- _ACTION ITEM_
All of the data, word for word and free of pictures, is the expected result.

- _RECORDED INFORMATION_

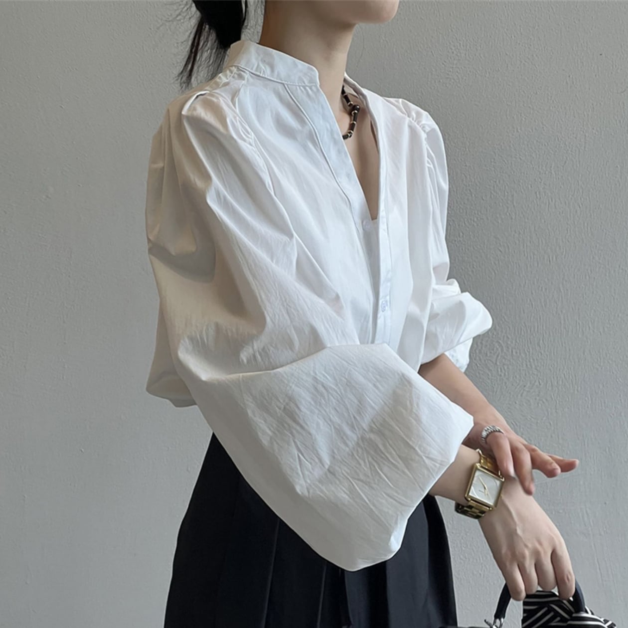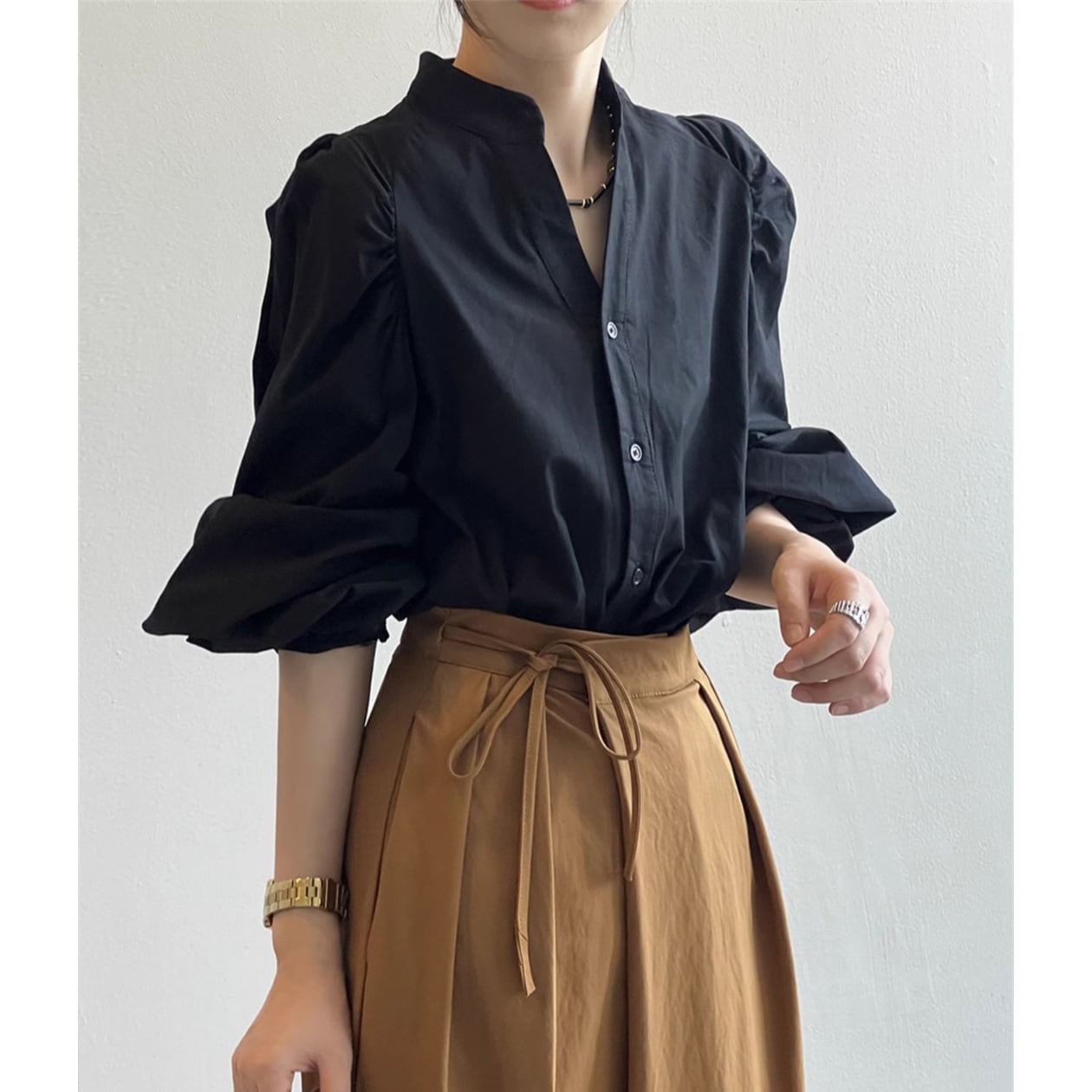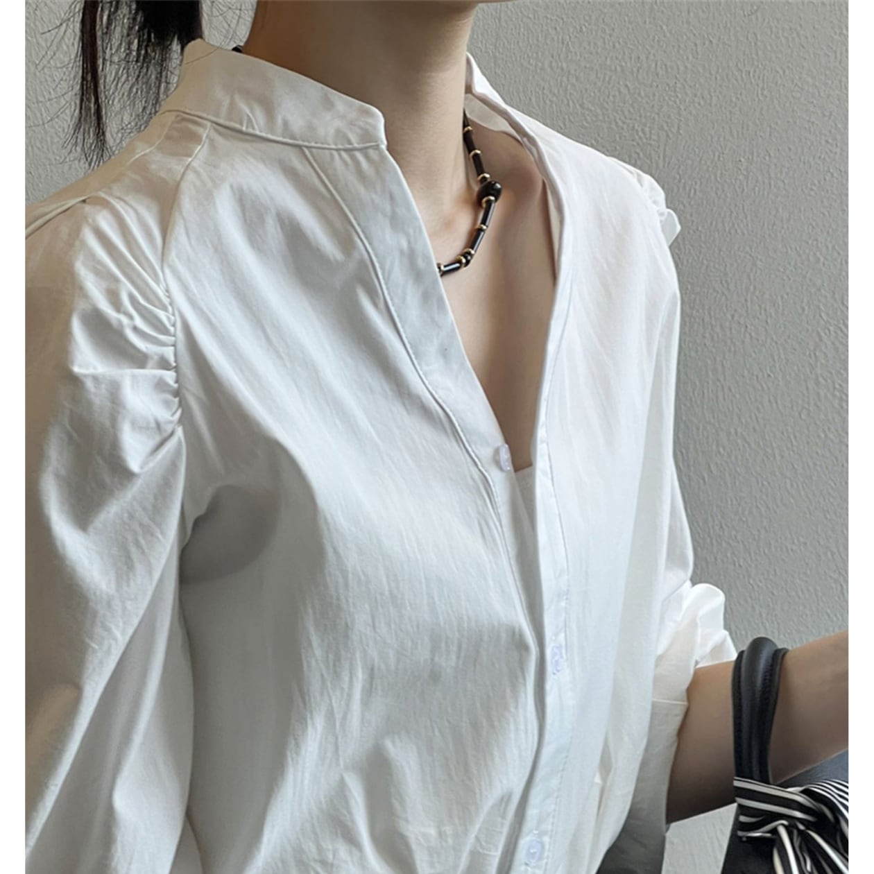 スタンドカラーとボタンダウンのデザインが、上品で洗練された印象を与えます。
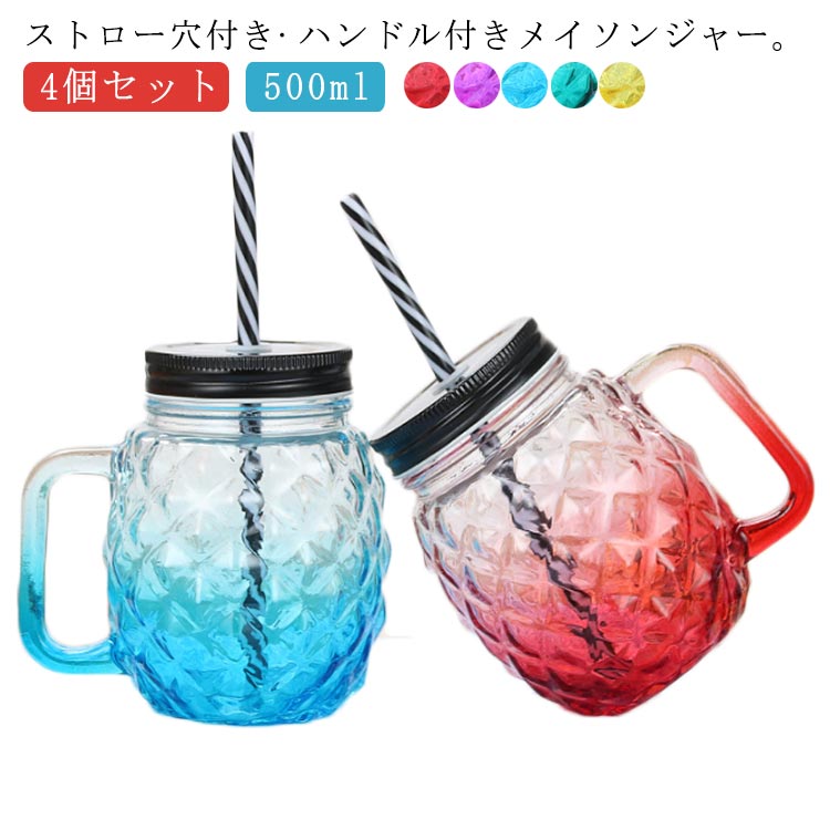 メイソンジャー ハンドル付き 蓋付き 食器 カトラリー グラス グラス タンブラー タンブラー 早い者勝ち レッド パープル ブルー グリーン イエロー
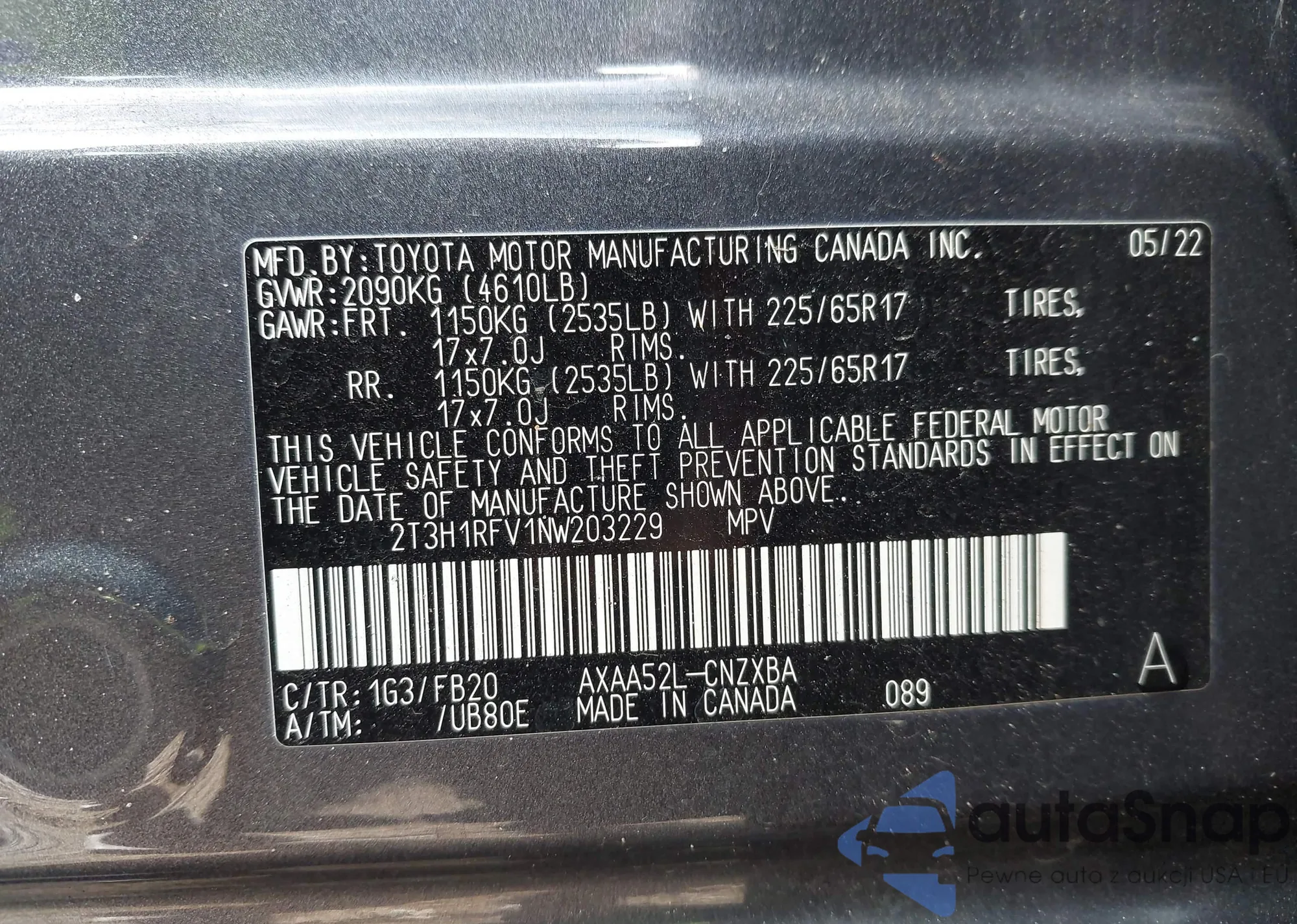 • VIN 2T3H1RFV1NW203229
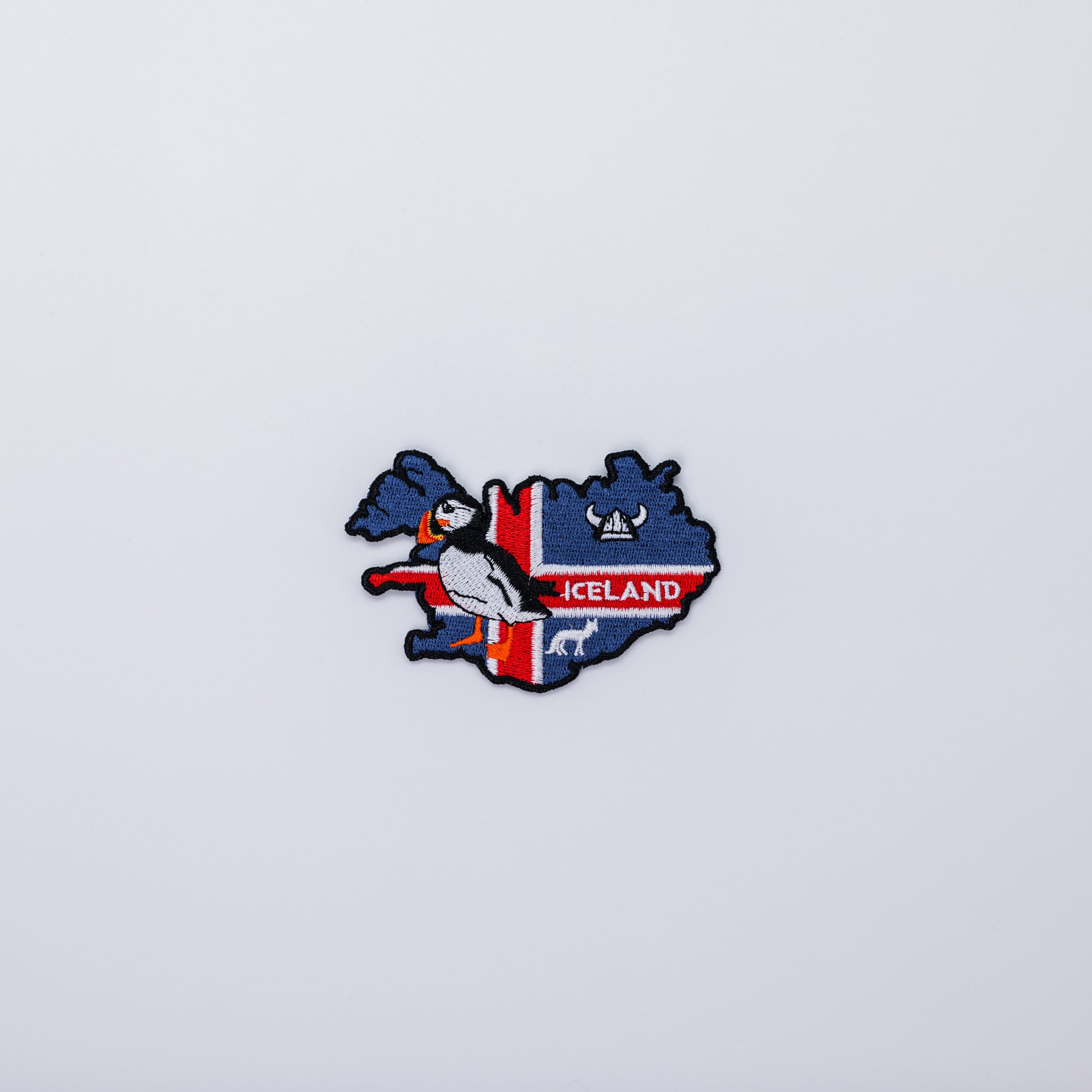 Woven patch featuring the word 'Iceland', ideal for decorating clothing or accessories with national pride

- _TASK OUTPUT_
 スタンドカラーとボタンダウンのデザインが、上品で洗練された印象を与えます。
 メイソンジャー ハンドル付き 蓋付き 食器 カトラリー グラス グラス タンブラー タンブラー 早い者勝ち レッド パープル ブルー グリーン イエロー
 • VIN 2T3H1RFV1NW203229
 Woven patch featuring the word 'Iceland', ideal for decorating clothing or accessories with national pride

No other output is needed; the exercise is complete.